Contrary to conventional manufacturing subtractive processes, 3D printing performs additive means of production. From this aspect, 3D printers are able to manufacture with a wide variety of different material types, that are supplied in different states (powder, filament, pellets, granules, resin etc.). Table 2 shows 3D printing types that uses different materials. This means all kind of recyclable materials such as, glass, plastic, thermoplastic polymers (ABS), metals, ceramics etc. can be shape during a printing process. Moreover, 3D printing reduces manufacturing-related resource inputs because it only requires the amount of material which ends up in the printed good without too many losses [24]. Support materials can usually be reused [25].
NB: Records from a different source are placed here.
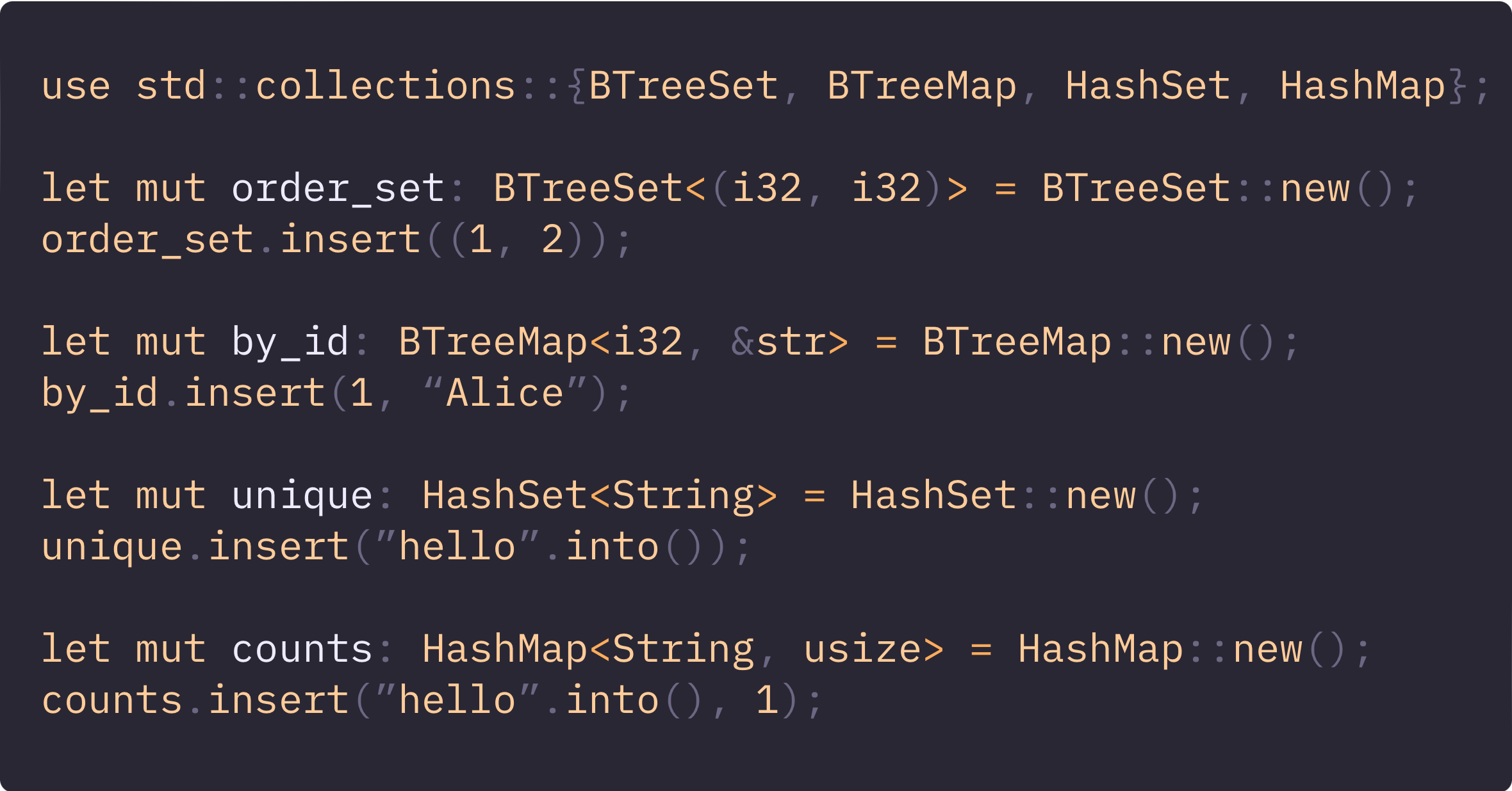 Many core collections and algorithms express their requirements via trait bounds such as Eq, Ord, and Hash.
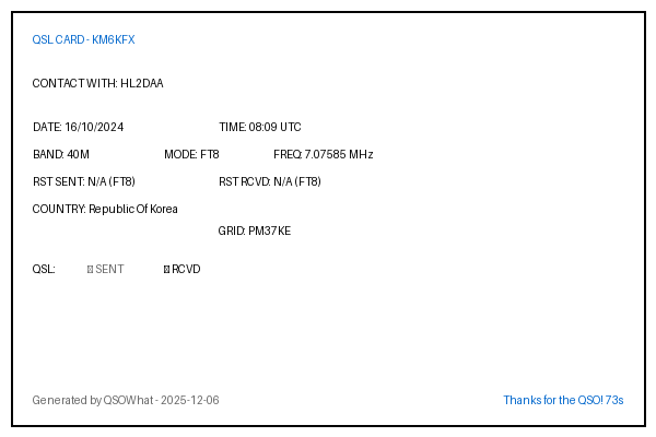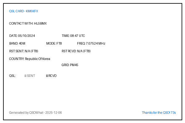 | HL5BMX | 2024-10-05 | 08:47 | 40M | FT8 | Republic Of Korea |
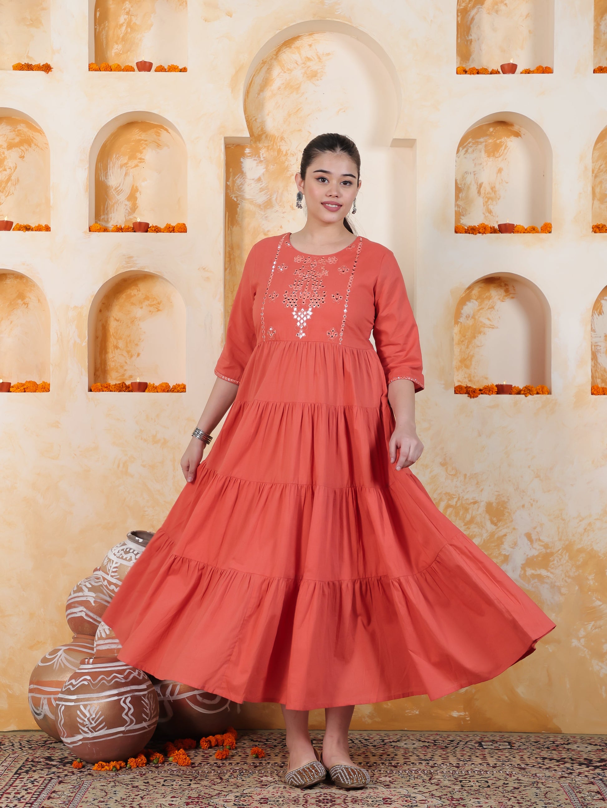 Mirror Work Brown Solid Viscose Tiered Kurta

3 3D Printing: An Opportunity to Construct by Using Recycled Materials
In the construction industry, 3D printers are used to create 3D models, prototypes or small, non-structural building components such as landscaping bricks or decorative elements [28]. This technology enabled architects to create scale models faster and economical, in all phase of the design. 3d printers provide architects with better visualization, optimization through tests such as wind, sound, stability etc. applied on scaled models and form finding research during the design process.
3D models of London City Hall designed by Foster and Partners can be given as one of the best examples revealing the power of printing technologies during the form finding process (Fig. 4). Especially the concept of seamless production, file to factory and real time behavior in architecture [29] that 3D printers offer architects resulted in an innovative way of using these technologies; from scale model to the end product.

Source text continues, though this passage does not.